Мортусы, взятые из тюрьмы каторжники, которым все равно не житье на вольном свете, и засмоленные от смерти, подходят к доктору.
– Возьмите эту собачку и привяжите особо. Она также подлежит карантинной выдержке...
– Воно, ваше благородие, не дастся, – пасмурно замечает мешковатый хохол.
– Как не дастся?
– Ни, не дастся, воно зле...
– Вот тебе на! – смеется доктор.
– Воно им, этим чертям, руки покусае...
– Ничего, не покусает...
Приезжих вводят в визиторскую камеру. Тут тоже торчат черномазые, в образе эфиопов, мортусы.
– Прошу, господин полковник, раздеться донага, – обращается доктор к фон Шталю.
Немец повинуется, ворча себе под нос: es tst abscheu-lich[11]11
Это отвратительно (нем.).
[Закрыть]. Рыжий помогает ему раздеться, снимает с него рейтузы, сапоги, чулки и обнажает сухие щепки, обтянутые сухою кожею... Немец ежится.
– Ничего, прекрасно... тело чистое... язвенных знаков нет, – бормочет доктор, внимательно всматриваясь в сухую, пергаментную кожу немца. – А это что за синий знак под левым сосцом?
Немец конфузится...
– Это ничего, так себе, пустяки, господин доктор...

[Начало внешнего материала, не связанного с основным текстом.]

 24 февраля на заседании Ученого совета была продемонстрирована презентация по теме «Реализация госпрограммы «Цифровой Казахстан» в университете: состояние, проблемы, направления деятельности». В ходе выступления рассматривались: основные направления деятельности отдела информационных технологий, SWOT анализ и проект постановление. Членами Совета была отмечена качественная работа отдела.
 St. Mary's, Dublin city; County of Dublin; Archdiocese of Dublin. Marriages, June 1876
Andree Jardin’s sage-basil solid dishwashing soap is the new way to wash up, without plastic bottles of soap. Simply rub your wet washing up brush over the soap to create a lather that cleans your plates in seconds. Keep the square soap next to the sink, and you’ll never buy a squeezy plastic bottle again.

– Однако же? Я все должен знать...
– Пустяки... глупость молодости... это имя Амалия, моей супруги... выжжено... порохом натерто...

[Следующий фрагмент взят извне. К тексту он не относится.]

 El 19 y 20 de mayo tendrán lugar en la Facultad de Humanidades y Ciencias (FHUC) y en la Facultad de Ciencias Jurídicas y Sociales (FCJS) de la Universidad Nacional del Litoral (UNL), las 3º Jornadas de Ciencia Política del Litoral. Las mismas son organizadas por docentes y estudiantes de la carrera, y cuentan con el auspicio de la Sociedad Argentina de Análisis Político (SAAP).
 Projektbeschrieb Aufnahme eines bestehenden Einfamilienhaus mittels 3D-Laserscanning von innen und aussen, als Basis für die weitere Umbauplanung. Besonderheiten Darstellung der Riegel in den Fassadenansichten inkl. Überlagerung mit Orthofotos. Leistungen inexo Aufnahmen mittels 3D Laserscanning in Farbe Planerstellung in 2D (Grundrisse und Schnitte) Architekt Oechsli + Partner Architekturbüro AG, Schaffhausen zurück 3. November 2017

– О! Понимаю, понимаю... Довольно... Обмыть господина полковника и одеть в карантинное платье, – приказывает он приставнику с мортусами.
Раздевают и осматривают молодых сержантов, сначала широкоплечего атлета Грачева.
– О! Завидное, богатырское сложение... дыхательный ящик бесподобный, есть где поместиться легким и всему рабочему аппарату тела, – удивляется словоохотливый доктор. – А это что у вас на шее?
– Образок... Память умершего друга...
– Умершего?.. Давно?
– В мае, господин доктор.
– А где?
– В Бессарабии, у Прута, недалеко от Ясс, на привале...
– Гм... А какой болезнью?
– Гнилою горячкой, господин доктор...
– Гм-гм... Гнилою горячкой... с пятнами?
– Да, с пятнами...
– Быстро? Да?
– Да... скоро... очень... в два дня...
– Гм... И этот образок был у него на теле?
– Да, господин доктор... Я везу его к невесте покойного и к матери.
– Так-так... прекрасно... Это вы знаете, что везете у себя на груди? Чуму!.. Только благодаря вашему богатырскому здоровью вы еще ходите по земле с этим страшным талисманом на теле... Взять его и особенно рачительно окурить и выветрить (это к фельдшеру).
Грачев снимает с себя образок и отдает фельдшеру.
Упрямее всех оказался мешковатый хохол: уперся, как вол, и не хочет раздеваться...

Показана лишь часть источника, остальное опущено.